* _Supplied information_:
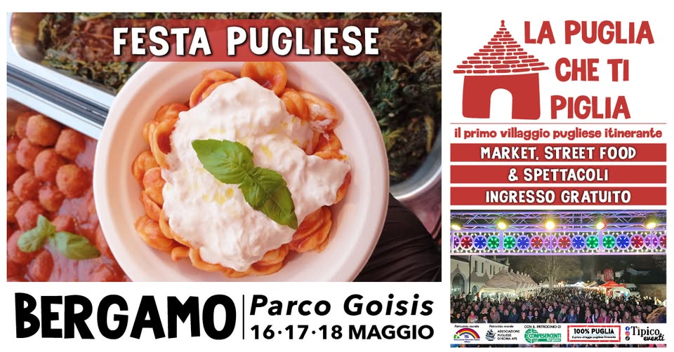 Tipico Eventi approda per la prima volta a Bergamo con uno dei format più amati di sempre: “La Puglia che ti piglia – 100% Puglia”, il primo villaggio pugliese itinerante che fa tappa nel cuore della città, trasformando Parco Goisis (nell’area del parcheggio di via Buttaro) in un angolo autentico del Sud. Per tre giornate – da venerdì 16 a domenica 18 maggio – il parco sarà avvolto da un’atmosfera suggestiva e festosa, grazie a scenografie tipiche come i trulli, gli ulivi e le immancabili luminarie pugliesi, capaci di evocare i colori, i profumi e la magia della Puglia più vera. Protagonista indiscusso sarà ovviamente il cibo di strada: presenti i migliori street chef pugliesi, pronti a servire piatti tradizionali – dolci e salati – per soddisfare tutti i palati. A completare l’offerta gastronomica, una selezione di birre artigianali pugliesi, un’area tavoli attrezzata per gustare il proprio pasto in tutta comodità e numerosi banchi di prodotti enogastronomici per portare a casa un pezzo di Puglia.
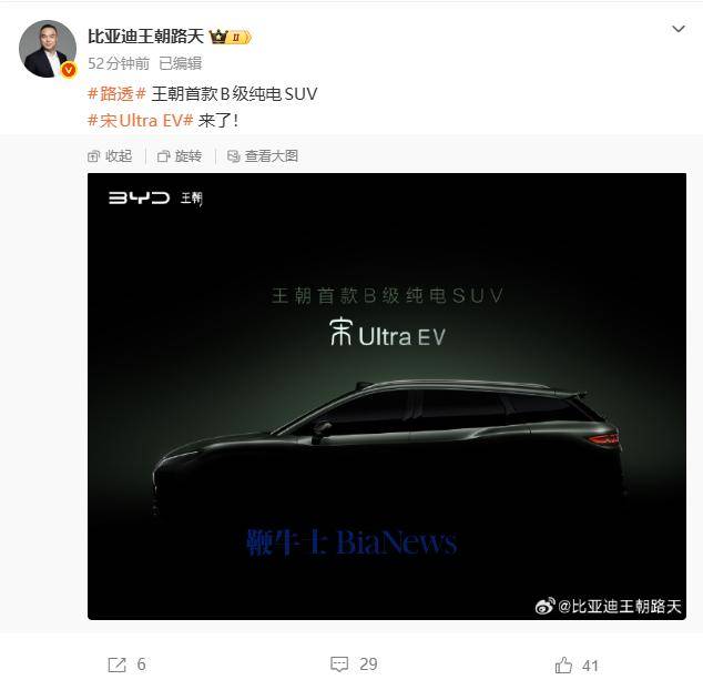 比亚迪王朝网即将推出一款全新B级纯电SUV——宋Ultra EV,这一消息由王朝网销售事业部总经理路天正式对外公布。作为王朝网首款B级纯电SUV,宋Ultra EV的亮相引发了市场的广泛关注。
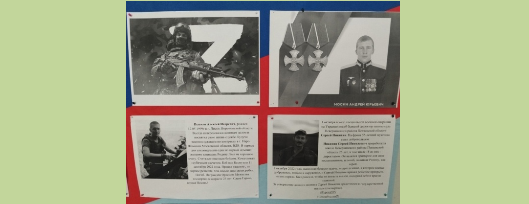 С помощью этой выставки мы отдаем дань памяти, уважения и признательности нашим героям, которые погибли, защищая Россию. В народной памяти эти герои навсегда останутся истинными патриотами, продемонстрировавшими на полях сражений пример огромной силы духа и взаимовыручки. Фотовыставка стала тем местом, где можно выразить свое уважение и благодарность бойцам.
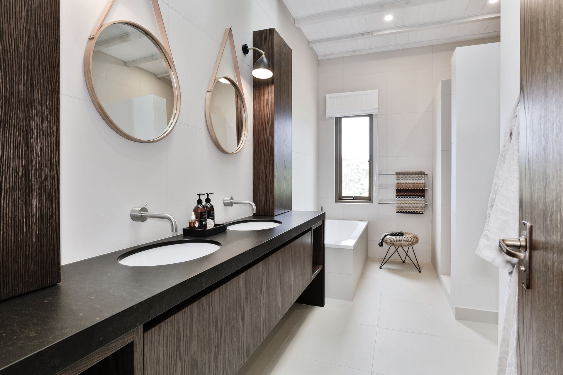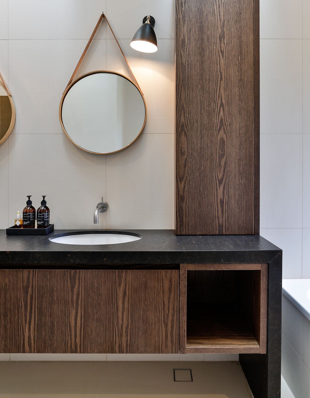 ArchiPro Project Summary - The Muriwai Bathrooms project by Sue Gillbanks features modern design with elegant flooring, stylish walls, and high-quality fixtures for a luxurious yet functional space.

* _Your goal_:
When you retype the listing above, keep each line exactly as written and drop the pictures.

* _Answer section_:
 Tipico Eventi approda per la prima volta a Bergamo con uno dei format più amati di sempre: “La Puglia che ti piglia – 100% Puglia”, il primo villaggio pugliese itinerante che fa tappa nel cuore della città, trasformando Parco Goisis (nell’area del parcheggio di via Buttaro) in un angolo autentico del Sud. Per tre giornate – da venerdì 16 a domenica 18 maggio – il parco sarà avvolto da un’atmosfera suggestiva e festosa, grazie a scenografie tipiche come i trulli, gli ulivi e le immancabili luminarie pugliesi, capaci di evocare i colori, i profumi e la magia della Puglia più vera. Protagonista indiscusso sarà ovviamente il cibo di strada: presenti i migliori street chef pugliesi, pronti a servire piatti tradizionali – dolci e salati – per soddisfare tutti i palati. A completare l’offerta gastronomica, una selezione di birre artigianali pugliesi, un’area tavoli attrezzata per gustare il proprio pasto in tutta comodità e numerosi banchi di prodotti enogastronomici per portare a casa un pezzo di Puglia.
 比亚迪王朝网即将推出一款全新B级纯电SUV——宋Ultra EV,这一消息由王朝网销售事业部总经理路天正式对外公布。作为王朝网首款B级纯电SUV,宋Ultra EV的亮相引发了市场的广泛关注。
 С помощью этой выставки мы отдаем дань памяти, уважения и признательности нашим героям, которые погибли, защищая Россию. В народной памяти эти герои навсегда останутся истинными патриотами, продемонстрировавшими на полях сражений пример огромной силы духа и взаимовыручки. Фотовыставка стала тем местом, где можно выразить свое уважение и благодарность бойцам.
 ArchiPro Project Summary - The Muriwai Bathrooms project by Sue Gillbanks features modern design with elegant flooring, stylish walls, and high-quality fixtures for a luxurious yet functional space.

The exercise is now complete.